To a crowded room of pharma leaders, Inato’s Liz Beatty and Otsuka’s Candace Saldarini presented their teams’ findings on how collaborating with community-based research sites enabled accelerated, inclusive clinical trials.
At DPHARM’s sold out 2022 conference, Inato’s team joined industry thought leaders to explore the latest innovations driving the modernization of clinical research. To a crowded room of pharma leaders, Inato’s Liz Beatty and Otsuka’s Candace Saldarini presented their teams’ findings on how collaborating with community-based research sites enabled accelerated, inclusive clinical trials. These results emerged just a year after Inato and Otsuka launched their first trial together in 2021. Since then, they have collaborated on five trials spanning three countries and over 30 research centers, with an additional 16 now pending. In that time two outstanding trials have already displayed the incredible impact community-based sites can have on improving research outcomes.
Otsuka’s Key Challenges
Otsuka was looking to develop a strategy for boosting site and patient engagement and increase the speed and quality of their trials. To ensure this was a reality, accessibility and inclusivity were a top priority. With a current focus on mental health treatments, Otsuka’s team recognized the critical role a patient’s community plays in medical care, making the decision to keep these patients in familiar environments with physicians they were comfortable with. Saldarini explained, “We really needed to go to the safe and trusted community partners that were delivering care for those patients.” They chose to collaborate with Inato to engage those sites and the communities they serve.
Initial Trial Results: Agitation in Alzheimer’s
The first trial Otsuka came to Inato with was for Agitation in Alzheimer’s dementia. This patient demographic brought about specific challenges as explained by Saldarini, “People in this population, elderly people with caregivers, were particularly affected by the COVID19 pandemic and were hesitant to participate in research.” These challenges drove Otsuka to bring the trials to patients in their communities rather than having patients travel to the trial. Despite the original belief that Florida-based research centers were tapped out for patients, Inato was able to identify eight additional sites with unique patient populations, subsequently diversifying the populations with access to the trial. With just two months to enroll, the community sites were able to activate rapidly with Inato’s support, allowing Otsuka to achieve their enrollment timelines.

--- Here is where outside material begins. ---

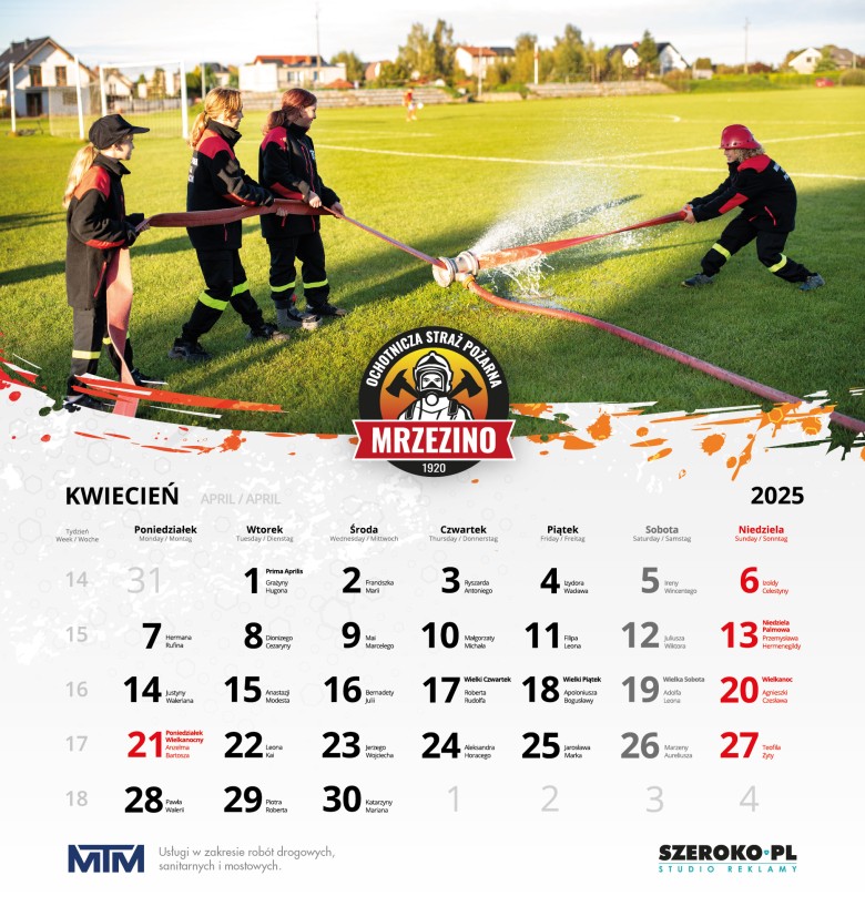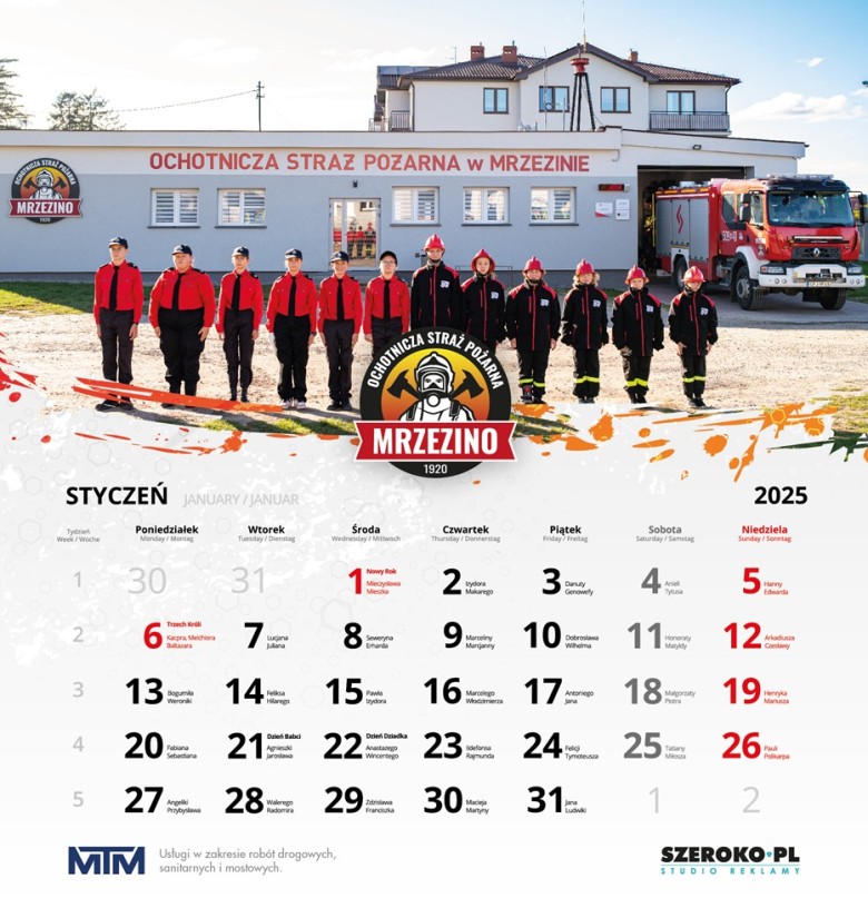 Celem kalendarza strażackiego 2025 OSP Mrzezino było pozyskanie środków finansowych, które przeznaczyliśmy na zakup ubrań specjalnych dla Młodzieżowej Drużyny Pożarniczej, środków ochrony indywidualnej oraz sprzętu biwakowego wykorzystywanego podczas szkoleń i wyjazdów.

Initial Trial Results: Major Depressive Disorder
After the successes in the Alzheimer’s trial, Otsuka joined forces with Inato to accelerate the enrollment of a Major Depressive Disorder study. A crucial part of this trial was the incorporation of digital assets, meaning those who participated were required to be interested in and specifically experienced with the use of technology. This limited Otsuka’s pool of qualified sites and, while the digital nature of this program enabled virtual trials, Saldarini explained that, “[Otsuka] wanted to be involved within the communities that were interested in doing this different kind of work.” By connecting closely with interested sites, just as in the Alzheimer’s trial, Inato committed to providing additional support for the community research centers, ensuring that they activate within the tight time frame. Through setting activation targets ahead of time, Beatty revealed that “[Inato was] able to exceed activation goals with the sites in the community with an average of 6.1 weeks to get activated.” One site was able to pre-screen 12 patients, screen five patients, and enroll two right at the end of enrollment, again pushing Otsuka over the finish line towards their goals.
Learnings and a Look Into the Future
The ongoing communication with sites also allowed Inato’s team to understand the nuances within a diverse community. Beatty outlined these learnings, saying, “Just because you might be in an area where there is a very diverse population, doesn’t mean that those are patients that you see and serve in your community.” It is their involved roles in the community that bring in diverse patients, not simply location. The conversations revealed the individualized ways sites are connecting to their community through outreach, representation on their research teams, or inclusive language and translation offerings. Such outstanding elements of these research centers are what truly grant a vast array of patients the opportunity to participate in global trials and receive care in the comfort of their community.
Across these trials, Otsuka found that the collaboration with community sites allowed them to achieve their research objectives while providing medical innovation to the people who need it most. By bringing trials to the patients where they live, both Otsuka and the sites were able to overcome the limited access hindering the efficiency and inclusivity of the trials. Saldarini said, “These sites are the right fit for the piece of the puzzle that we look for.” The results from these studies provide a promising outlook for the future of clinical research where the inclusion of community-based sites permits diverse, accelerated, and efficient trials.